Am Konservatorium wäre Gruber durchgefallen

Ein glattes "Nicht genügend" hätten die Professoren einst für „Stille Nacht“ vergeben, weiß Ernst Smole.

„Fatto per la notte natale“ heißt es auf der Partitur von Arcangelo Corellis Concerto grosso op. 6/8. Die wiegende „Pastorale“ im 12/8-Takt, die das 1714 veröffentlichte Werk beschließt, wurde zum Urbild der Weihnachtsmusik und steht, wie der 6/8-Takt unseres „Stille Nacht“-Ohrwurms, in der Tradition des „mediterranen Pastorale“.

Franz Xaver Gruber hat also bei der Vertonung des Textes von Joseph Mohr einen musikalischen Topos paraphrasiert, der seit Langem mit der Christnacht assoziiert wurde.
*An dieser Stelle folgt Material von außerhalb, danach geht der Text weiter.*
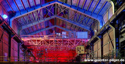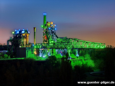 Feste. Besonders lohnend ist eine Nachtwanderung im Fackelschein über das Gelände. Öfen, Kräne und Schornsteine sind dann farbig beleuchtet, eine Lichtinszenierung des britischen

Allerdings hat er es, zumindest nach Ansicht des Dirigenten und Musikwissenschaftlers Ernst Smole handwerklich nicht besonders geschickt gemacht: „Gottlob hat er das Lied ,nur‘ für den Gebrauch durch das ,gemeine Volk‘ in einer Dorfkirche geschaffen und nicht für die Aufnahmeprüfung an ein Konservatorium, denn dort wäre er damit mit Bomben und Granaten durchgefallen!“

Smole erklärt auch, warum: „Das Lied strotzt von schweren kompositionstechnischen Fehlern! In früheren Zeiten galt die Musik als eine Wissenschaft, was angesichts der Zahlenverhältnisse im Bereich der Länge der Töne und der Tonhöhen plausibel ist. Und Wissenschaft benötigt für Selbstvergewisserung und Imagepolitur Dogmen – damals wie heute!“

Daher, so Smole, folgte „auch die klassische, wissenschaftsgebundene Kompositionslehre zur Zeit Franz X. Grubers strengen Regeln, deren mehrere diese weltberühmte Melodie verletzt! Der Septimsprung etwa gleich nach dem Beginn hin zum ,Aaaaalles schläft‘ war ein absolutes No-go, denn dieser weite, dissonante Intervallsprung galt als unsingbar.“

Überdies durften in jener Ära „volksliedhafte Melodien den Tonumfang einer Oktave nicht überschreiten – Grubers Komposition umfasst zwei Töne mehr, die heute übliche Fassung gleich deren drei! Weitere noch gravierendere Regelverletzungen ,verunstalten‘ den zweiten Teil des Liedes!“

Keine Chance also für Gruber am Konservatorium. Zugegeben, die edleren „Pastoral“-Melodien stehen in Händels „Messias“ und Bachs „Weihnachtsoratorium“, wo zu allem Überfluss noch die hübsche Geschichte von den Hirten erzählt wird, die mit ihren Blasinstrumenten den Gesang der Engel zu imitieren versuchen und daran scheitern; aber vielleicht darf auch bei Gruber der Wille fürs Werk stehen; erst recht, wenn unsereins mitsingt.